Edwards was an eloquent writer, a chronic alcoholic, and a steadfast supporter of the Confederacy.
He spent three years as an aide to a general during the Civil War, and then he went into the newspaper business.
He co-founded the Kansas City Times and was its popular editor.
He wrote romanticized stories of old Confederate battles, and his readers loved them.
He hated the government that ran Missouri after the war, and his readers loved them. He hated the government that
ran Missouri after the war, and his readers loved that too. And in the spring of 1870,
he met Jesse James. He'd heard about Jesse's attempt to avenge the death of bloody Bill
Anderson, and he was a fan. Jesse had killed an innocent man, of course, but it was the thought that counted.

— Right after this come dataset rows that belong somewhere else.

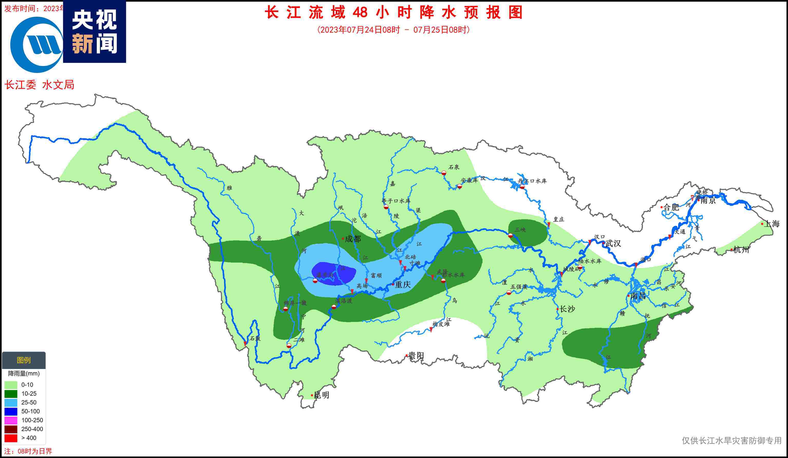 據(jù)水文氣象預(yù)報(bào),7月23日,嘉岷流域北部有中雨、局地大雨;24~27日,長(zhǎng)江上游干流附近有中到大雨、局地暴雨的降水過(guò)程,過(guò)程累計(jì)面雨量:長(zhǎng)江上游干流70毫米,金沙江中下游、雅礱江、岷沱江、渠江、烏江上游30~50毫米??紤]預(yù)見(jiàn)期降雨,金沙江中下游、嘉岷流域、赤水河、烏江、三峽區(qū)間將發(fā)生漲水過(guò)程,降雨落區(qū)內(nèi)部分中小河流可能發(fā)生超警洪水,局部強(qiáng)降雨引發(fā)山洪災(zāi)害的風(fēng)險(xiǎn)高。
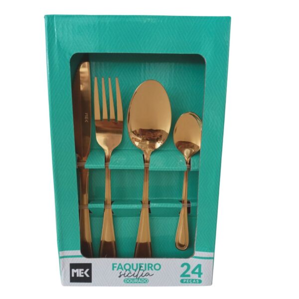 Faqueiro 24 Pcs Aco Inox Sicilia Dourado Gold Mek
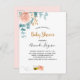 Für eine Babydusche, Feiern eines kleinen Mädchens. Ein schick weißer Hintergrund. Die Einrichtung besteht aus einer goldfarbenen Rose in Rosa und Rose, Blume, Blumen und grünen Eukalyptuspflanzen, Blätter, einem goldenen Gewürzkräuter und einer niedlichen, glücklichen Biene mit einem Umschlag. Personalisieren und fügen Sie einen Namen und Party-Details hinzu. Schwarze und goldene Buchstaben. Der Text: Baby Shower und der Name der Mutter zu sein geschrieben werden mit einem modernen handgeschriebenen Stil Skript. Zurück: Rose goldene Hintergrundfarbe, Postkartendesign. Tipp: Wenn Sie es nicht so gewollt haben, dass es wie eine Postkarte aussieht, klicken Sie auf Anpassen, gehen Sie auf die Rückseite und entfernen Sie den Trenner und posten Sie die Briefmarke.
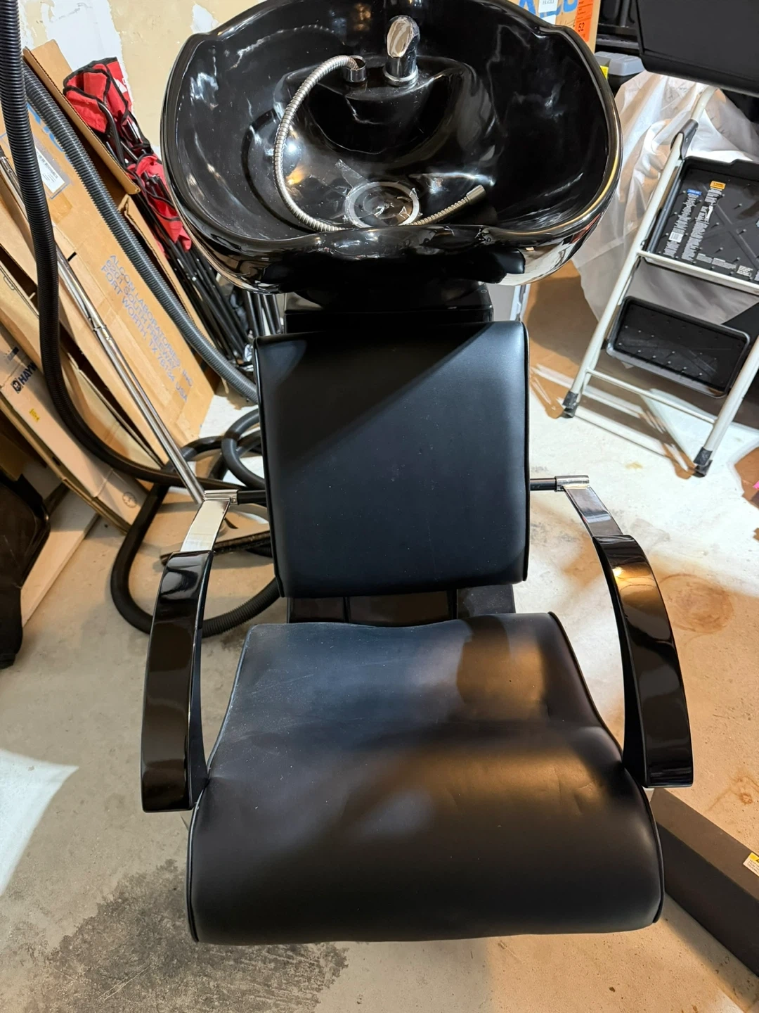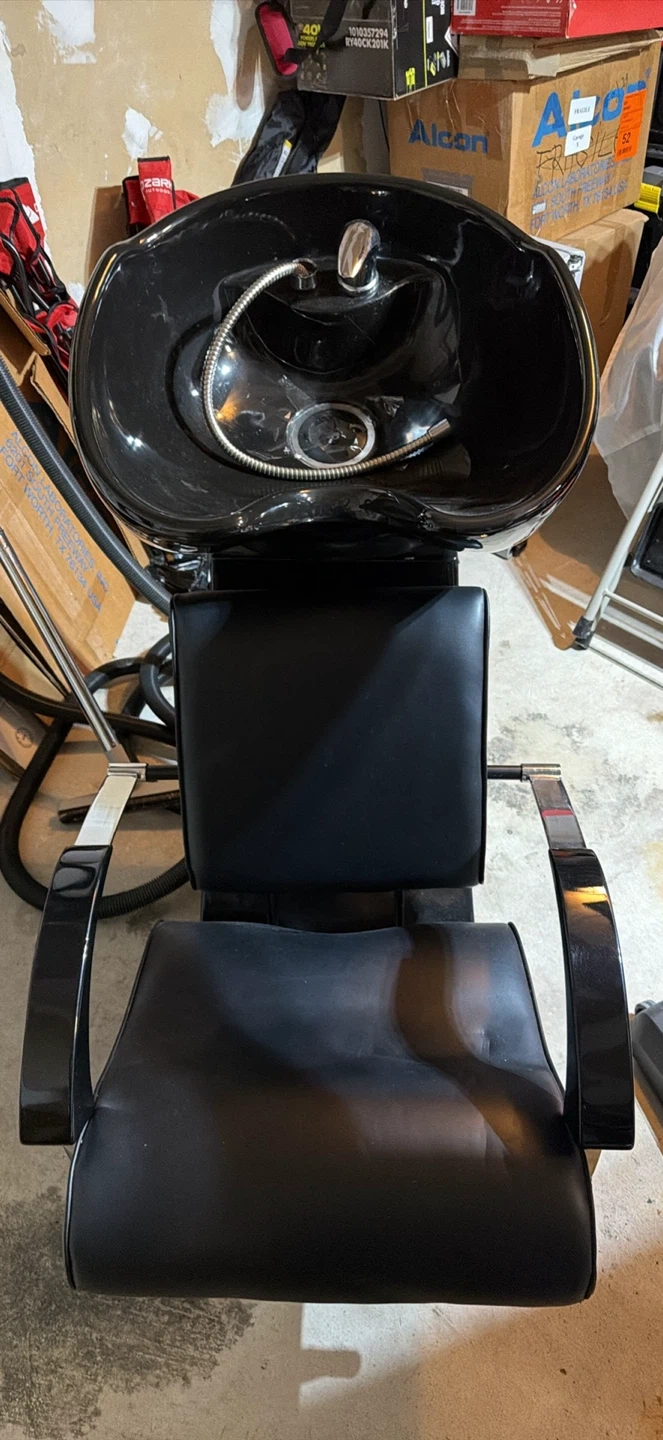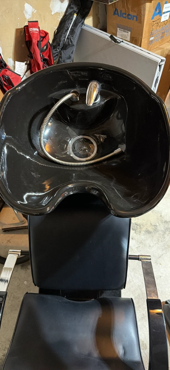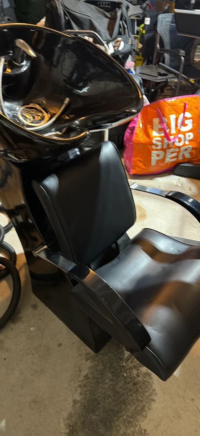 10Selling a salon shampoo chair in black. It's in good condition and ready for use in your salon or home setup. Great for washing hair comfortably!

That summer, the summer of 1870, John Newman Edwards began a newspaper campaign that turned the James boys into folk heroes.
He crafted images of the men for the general public who would never meet them in person, but who would follow their adventures with rabid appetites.
Edwards described the two men separately and at the same time.
Jesse laughs at everything, Frank at nothing at all.
Jesse is lighthearted, reckless, devil may care.
Frank, sober, sedate, a dangerous man always in ambush in the midst of society.
And after John Newman Edwards built them up,
the world heard directly from the outlaw himself, Jesse James, for the first time.
From Black Barrel Media, this is Season 7 of the Legends of the Old West podcast.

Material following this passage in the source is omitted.